Лавку у старого Пинкуса забрали в самом начале войны. Сын Буханца Артур въехал как-то на телеге во двор к Пинкусам, погрузил полки с выдвижными ящиками, бочки из-под керосина и уксуса, жестяные коробки, в которых Пинкус держал карамель, двое весов и отвез все это богатство к себе домой. Люди говорили, что Артур аризовал старого Пинкуса и будет теперь торговать вместо него.

Вскоре Пинкус умер.

С тех пор старая Пинкусиха и Берта-кыш совсем притихли; из дому они почти не выходили, и к ним никто не ходил.

Ходили слухи, что в городе забирают евреев, грузят в вагоны для скота и увозят, вроде бы на принудительные работы. Но за Пинкусихами никто не приходил.

— Старые они обе, — говорили люди, — может, и минует их это. Старуха уже на ладан дышит, ну, а Берта-кыш… какая из нее работница?

Берту-кыш Милан видел еще несколько раз. Маленькая, исхудавшая, но все еще с крашеными волосами, она стояла по субботам за калиткой. Увидев кого-нибудь из мальчишек, она манила его пальцем.

— Поди, поди сюда, — говорила она, — на минуточку!

Как-то она подозвала и Милана.

— Ты чей? — опросила она дрожащим, испуганным шепотом.

— Гривкин, — ответил он.

— Сын Гривки? Яна? Очень порядочные люди, — сказала Берта. — Зайди к нам, пожалуйста, наложи дров в печку.

Милан зашел и затопил печку.

— А водички ты нам не вытянешь? — попросила она его потом. — Немного, одно только ведерко.

Милан сходил к колодцу, принес ведро воды на кухню.

— Спасибо тебе, большое тебе спасибо, — сказала Берта. Порылась в буфете, достала из ящика несколько конфет, сунула их Милану в руку. — Ну, теперь иди, иди уже, чтобы никто тебя здесь не увидел, — бормотала она сдавленным голосом. — И никому ни слова, что ты был у нас! Никому! Знаешь ведь, какие теперь времена.

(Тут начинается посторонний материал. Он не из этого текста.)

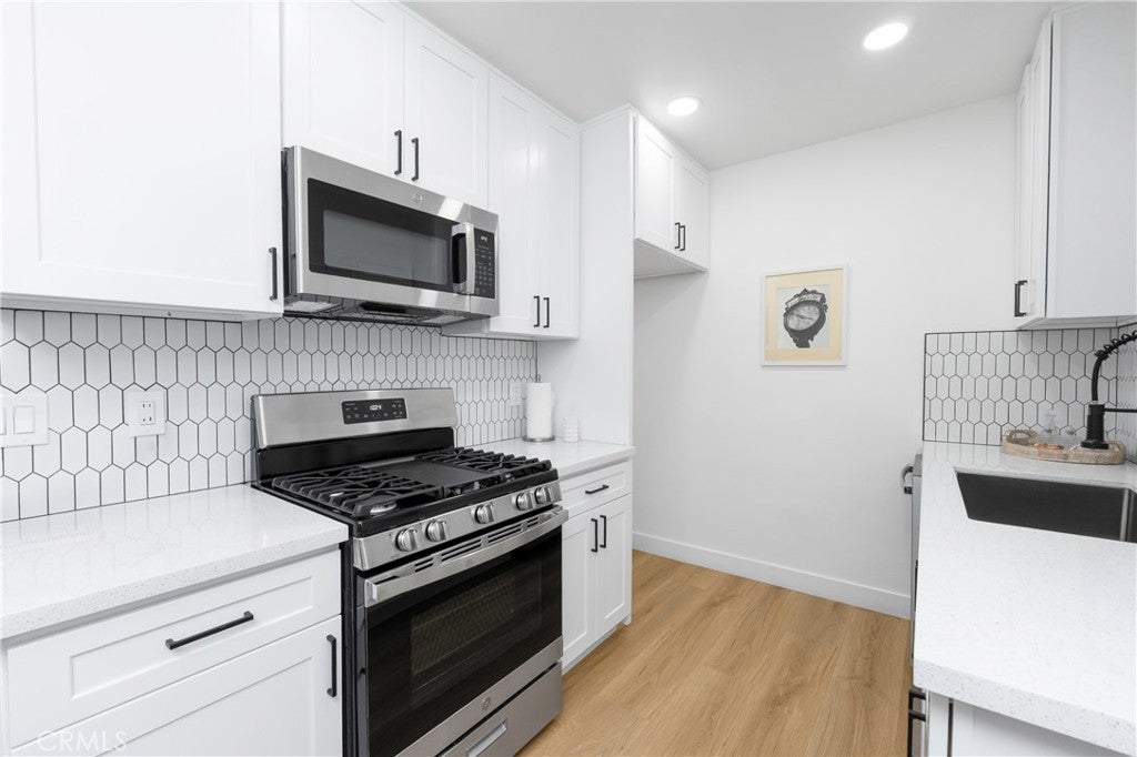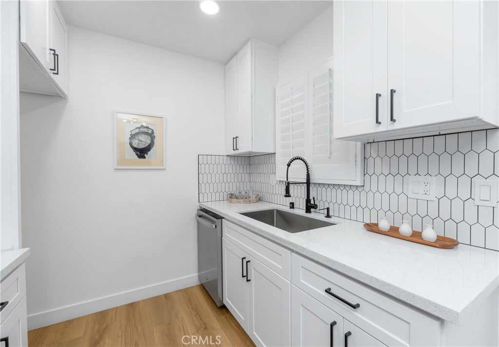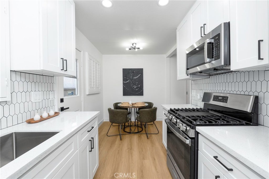 Beautifully remodeled 2-bedroom, 1-bath home located in the heart of Norwalk! This move-in ready property offers convenient access to major freeways, shopping centers, and local schools—perfect for commuters and families alike. The home features a fully upgraded kitchen with sleek quartz countertops, brand-new cabinetry, and stainless steel appliances. The remodeled bathroom showcases modern finishes, while waterproof flooring flows throughout the home for both style and durability. Additional highlights include dual-pane windows, elegant wood shutters, and a finished garage that offers extra versatility along with a spacious laundry room. This is a fantastic opportunity to own a turnkey home in a highly desirable location!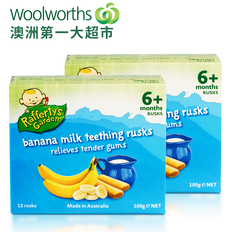 澳洲原装进口 Rafftertys香蕉牛奶面包干100克磨牙棒宝宝婴儿饼干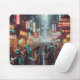 Ein überfüllter Markt für Cyberpunk-Straßen mit Roboterhändlern, mehrsprachigen Neonschildern und Menschen, die AR-Visitors tragen.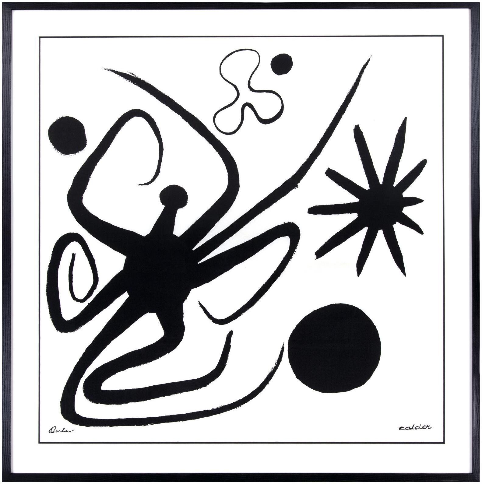 Calder first designed textiles in 1929, and began creating abstract mobiles in the spirit of Duchamp from 1932 Calder and his wife Louise met Zika and Lida Ascher whilst Calder was living and working in Saché, France in 1947 The Ascher ’ s became regular visitors to the Calder ’ s home in Roxbury, Connecticut and in Saché, on their holidays after the Paris couture shows Calder was the only American artist to participate in the Ascher Squares project. He created ‘Splotchy ’ an abstract handprinted on linen work for Erwin and Estelle Laverne who specialised in hand-printed fabrics in the 1950s Like Graham Sutherland, Calder also worked with the weavers at Pinton Frères near Aubusson, France from the early 1960’s producing an impressive collection of designs In the 1970s he was commissioned by The Whitney Museum of Art, New York for a screen-print on cotton textile titled ‘Acrobats’ This was to commemorate Calder ’ s retrospective exhibition ‘Calder ’ s Universe’ held at The Whitney in 1976 It was to be his last textile as he died just five weeks after the exhibition opened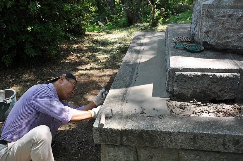 周南市久米天神山の久米神社にある忠魂碑が建立から100年近くが経過して老朽化していることから、市連合遺族会(大川勝也会長)は15日、ひび割れなどの修繕に取り組...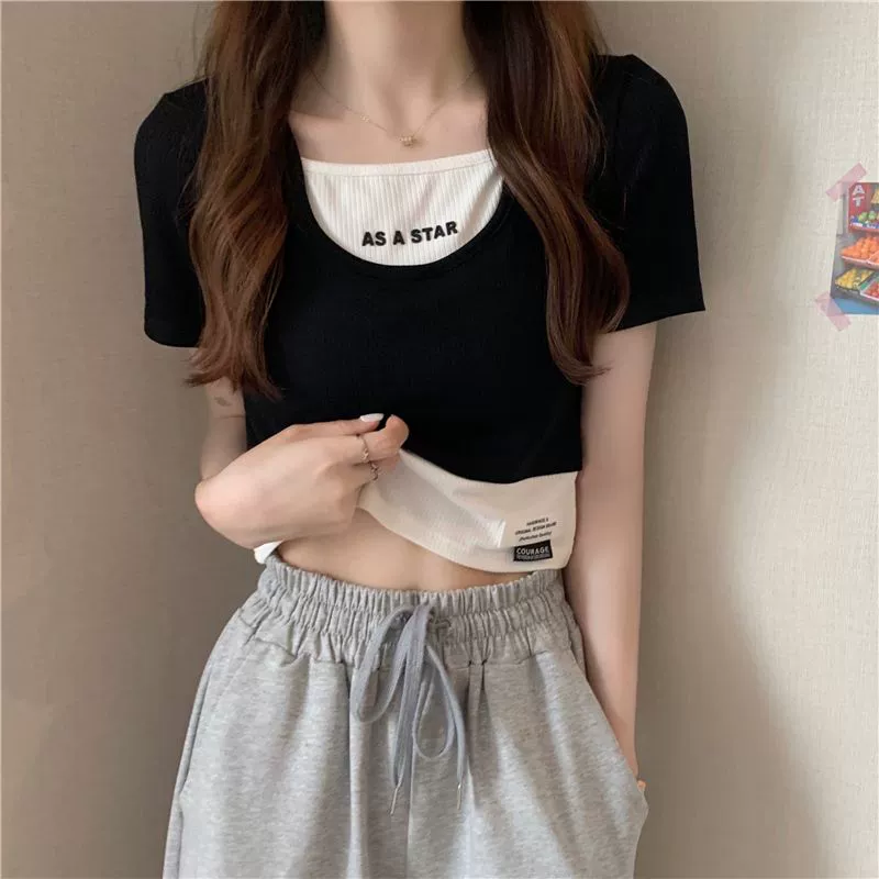 | nameOriginal | Slim-fitting fake two-piece high-waist navel-baring short-sleeved T-shirt |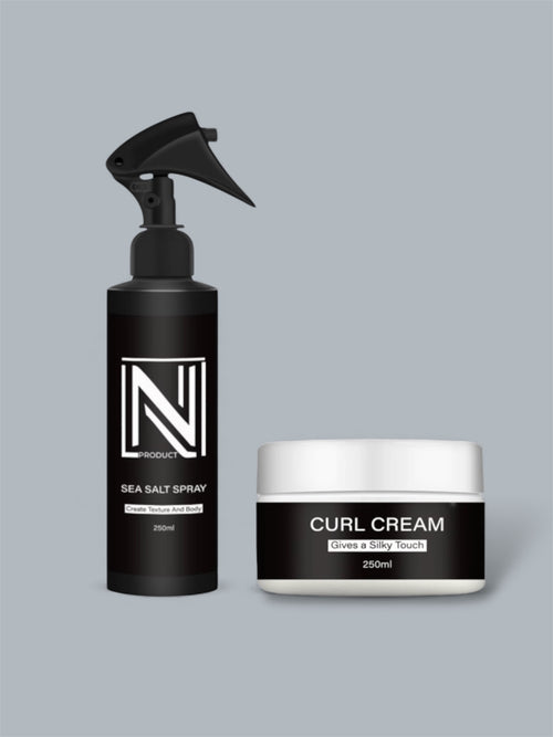 Découvrez le combo boucles NAYR : La synergie parfaite entre la Curl Cream pour nourrir et définir, et le Sea Salt pour apporter texture et volume. Une finition professionnelle.

Милану все это показалось странным. Если Берта-кыш так боится, что у них кого-нибудь увидят, почему же она сама не наложит дров в печь? Но когда он рассказал Силе (ему одному), как он побывал у Пинкусов, тот объяснил ему, что это у евреев такая вера: по субботним дням им ничего нельзя делать, ни варить, ни печь растапливать, ни воды себе принести. С тех пор Милан ходил к Пинкусовым без приглашения, и Берта-кыш всегда угощала его горстью чернослива или двумя-тремя карамельками.

* * *

Деревянная калитка, которая ведет во двор Пинкусов, была приоткрыта. Мальчики протиснулись во двор, пробежали по мокрой кирпичной дорожке. Домик был тихий, словно бы вымерший. Двери в сени заперты на железный засов с замком.

Ребята постояли перед дверьми, потом подкрались к окну, прислушались. Жалюзи были опущены, оконные стекла тускло поблескивали в густеющей осенней тьме.

— Фью! — присвистнул Сила, пожал плечами и надвинул шапку на лоб. — Погоди здесь, я осмотрюсь немного, — почему-то шепотом сказал он Милану и исчез.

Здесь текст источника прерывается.